Friday, August 27, 2010

Javascript: JQuery DatePicker, Chrome and MAXLENGTH

Having just spent 2 hours swearing violently at my computer, I thought I'd share this little bug tracking story...

I am writing a simple data entry page that contains a couple of date fields, for which I'm using the very nice JQuery UI datepickers.

I have used them all over the place with no problems at all, however on this page I was getting some weird behaviour when the submit button was clicked:

  1. If the date fields were empty, the form submitted fine.
  2. But if a date had been selected, when you clicked submit, the date picker for the first populated date field popped up and the form did not submit.
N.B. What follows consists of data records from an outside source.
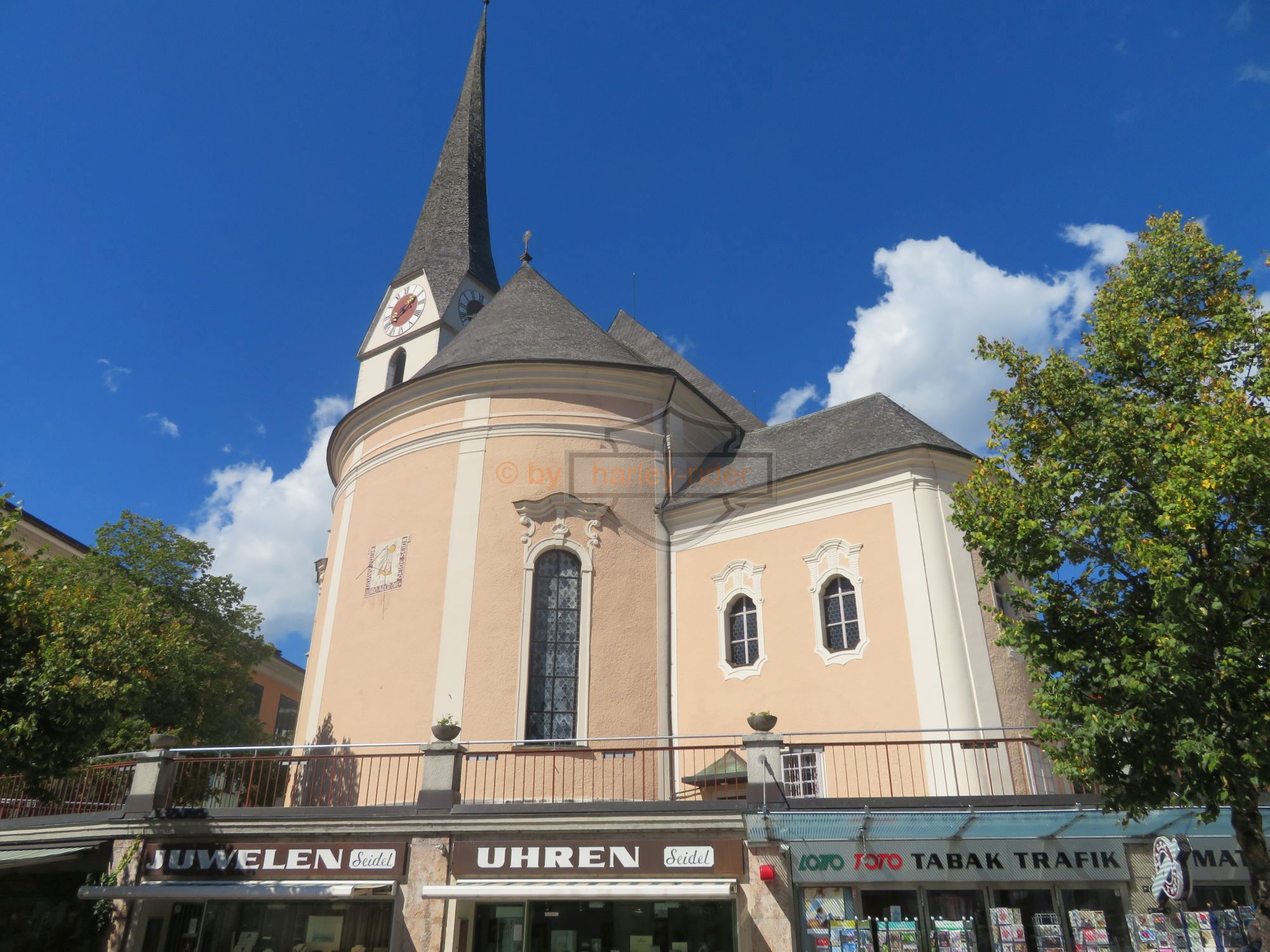 Die erste Tour hätte uns eigentlich zum Attersee, St. Gilgen und über den Pechauer Sattel nach Salzburg führen sollen. Doch der Regen in den 'Voralpen' zwang uns zu einer nördlichen Route auf der Bundesstrasse über Vöklabruck nach Salzburg. Dort fuhren wir zum Harleyhändler wo wir wieder auf den Rest der Gruppe stiessen. Die waren schon früher gefahren, denn Haris Maschine benötigte den ersten Service.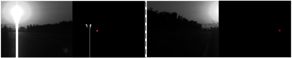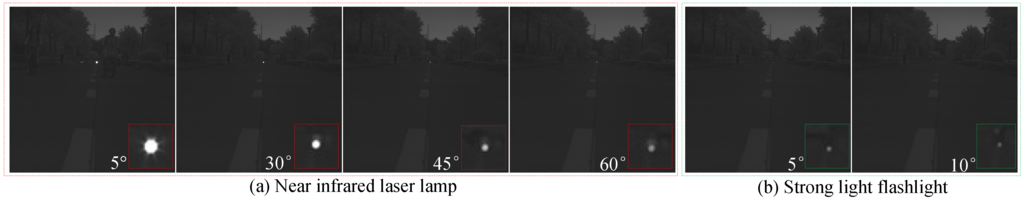 The system need to have a certain fault tolerance to the angle change. In this experiment, we place the light sources at the same position with the same directions firstly, and then adjust the horizontal rotation angle of the light source. We did this experiment at 150 m. As shown in Figure 6, the near infrared laser lamp can be detected robustly from 0 degrees to 45 degrees, while the strong light flashlight cannot be seen clearly when the angle is greater than 10 degrees.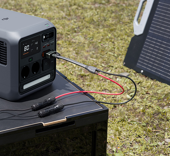 2. Wbudowany moduł MPPT umożliwia podłączenie paneli fotowoltaicznych za pomocą kabla DJI Power MC4 Solar Power Charging Cable i efektywne ładowanie energią słoneczną.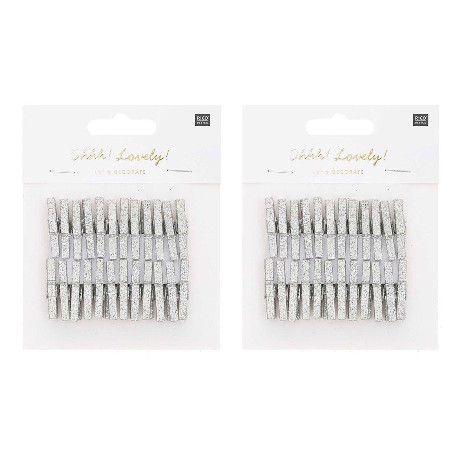 2 kits de 24 petites pinces en bois pailletés argent. Accrochez vos créations de Noël ou créer un calendrier de l'avent avec ces pinces argentées !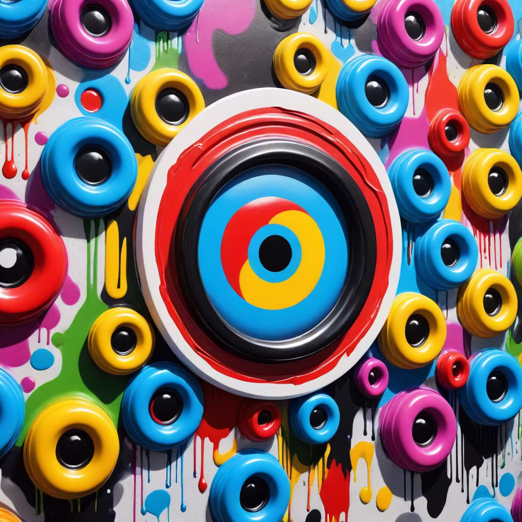 Prompt: many bullseyes on walls, graffiti art, splash art, street art, spray paint, oil gouache melting, acrylic, high contrast, colorful polychromatic, ultra detailed, ultra quality, CGSociety

Some testing revealed this only happened in Chrome - my version of which is the v6 beta release.

An update to the JQuery UI did not fix the problem.

Some debugging code revealed that on submit, the datepicker fields were being focussed - so as far as the datepicker code was concerned, it was working correctly.

However, the object inspector in Chrome showed no unwanted event listeners that could be doing this.

Some more swearing, a minimal test case and a comparison with a working page later revealed the problem - the MAXLENGTH attribute had been set, in a copy/paste debacle, to 8 - clearly too short for a dd/mm/yyyy date.

So, presumably, Chrome allows you to set content longer than the MAXLENGTH from script, but then will not let you submit the form, instead focussing the offending field - it makes perfect sense when you think about it, really.

Firefox and IE both allow you to submit the form with the longer data - although you can make an argument for that making sense too. I don't know what the W3C say on this issue.